BNPP’s RMB funding solutions directly address the problems faced by Chinese companies. One of its main offerings is a synthetic loan that bundles US dollar foreign debt with an onshore cross-currency swap between the US dollar and the renminbi.

The structure falls outside the scope of the PBoC’s loan quota restriction as it involves foreign debt borrowing. It also helps satisfy the aims of the Chinese authorities, who are keen to encourage foreign money into the country in order to help stabilise capital flows and prop up reserves.

By leveraging on its strong onshore and offshore platforms, BNP is able to provide these synthetic loans at attractive rates. In one of the products, the client financing cost over the loan’s tenor comes to 3.97% per annum, which translates to significant savings when compared to the PBoC’s one-year benchmark rate of 4.35%.

“By taking up the synthetic structure, the client can source funding from an alternative channel while paying rates that are well below the PBoC benchmark. We have facilities, in both China and overseas, for onshore companies to raise foreign debt and then swap it onshore, which also requires financing line facilities onshore. What we do is not just cost-effective, but in many cases it’s the best and most efficient way to help companies continue growing in China,” says Wong.

BNP Paribas has also had a number of successes onshore in terms of regulatory permissions that have been granted.

In July, BNP Paribas was one of a handful of foreign banks named as market-maker for the newly launched Bond Connect scheme, which links Hong Kong’s fixed-income market with that of the mainland.

Also in July, the Hong Kong branch of the bank became a member of the China Foreign Exchange Trade System (CFETS), which enables it to provide both onshore CNY and offshore CNH forex hedging products to offshore clients engaged in Bond Connect, as well as the commercial import and export trade.

In January this year, BNP Paribas was extended the non-financial corporate bond underwriting licence by the National Association of Financial Institutional Investors to underwrite various types of debt instruments for non-financial corporates in the China interbank bond market. BNP Paribas is one of only a few foreign banks to have achieved this qualification.

Going forward, Chen says that regulatory changes will continue to influence market demand for renminbi solutions. He believes the stabilisation of capital flows bodes well for the currency and will lead to a more resilient renminbi over the long run.

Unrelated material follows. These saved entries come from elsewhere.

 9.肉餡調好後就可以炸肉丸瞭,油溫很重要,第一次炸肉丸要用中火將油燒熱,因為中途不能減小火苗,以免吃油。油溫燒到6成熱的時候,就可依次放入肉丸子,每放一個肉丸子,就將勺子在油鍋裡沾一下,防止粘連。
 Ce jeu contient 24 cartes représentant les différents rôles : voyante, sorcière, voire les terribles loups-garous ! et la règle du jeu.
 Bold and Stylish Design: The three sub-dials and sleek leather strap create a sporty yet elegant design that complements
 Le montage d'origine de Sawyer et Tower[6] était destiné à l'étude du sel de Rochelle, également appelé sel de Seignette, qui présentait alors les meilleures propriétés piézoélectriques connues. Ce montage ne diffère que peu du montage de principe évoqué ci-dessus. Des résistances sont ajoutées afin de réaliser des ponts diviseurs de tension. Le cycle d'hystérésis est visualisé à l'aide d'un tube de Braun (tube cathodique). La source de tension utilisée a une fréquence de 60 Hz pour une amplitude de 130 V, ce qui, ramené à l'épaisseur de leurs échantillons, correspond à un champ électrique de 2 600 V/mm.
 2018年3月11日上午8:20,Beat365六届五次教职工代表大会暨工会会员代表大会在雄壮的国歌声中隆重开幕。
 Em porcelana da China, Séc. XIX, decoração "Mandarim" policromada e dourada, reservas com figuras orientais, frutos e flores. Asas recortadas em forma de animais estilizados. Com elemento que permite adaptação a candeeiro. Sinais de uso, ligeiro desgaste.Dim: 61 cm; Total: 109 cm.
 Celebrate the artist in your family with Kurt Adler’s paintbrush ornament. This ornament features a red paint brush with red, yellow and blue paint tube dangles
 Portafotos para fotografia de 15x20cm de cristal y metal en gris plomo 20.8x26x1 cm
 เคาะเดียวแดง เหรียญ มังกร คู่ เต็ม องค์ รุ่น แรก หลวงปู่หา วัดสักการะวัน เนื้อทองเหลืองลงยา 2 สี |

BNP Paribas will remain as the RMB business leader through anticipating market development in a timely way and continuing investments in our on and offshore RMB platform. We’re convinced that RMB internationalisation will continue, but will evolve through different phases. As always, BNP Paribas is well-positioned to embrace the regulatory and market changes with our clients, as well as developing innovative RMB solutions to best serve clients’ needs in investment, financing, hedging, asset management, and custodian services,” says Chen.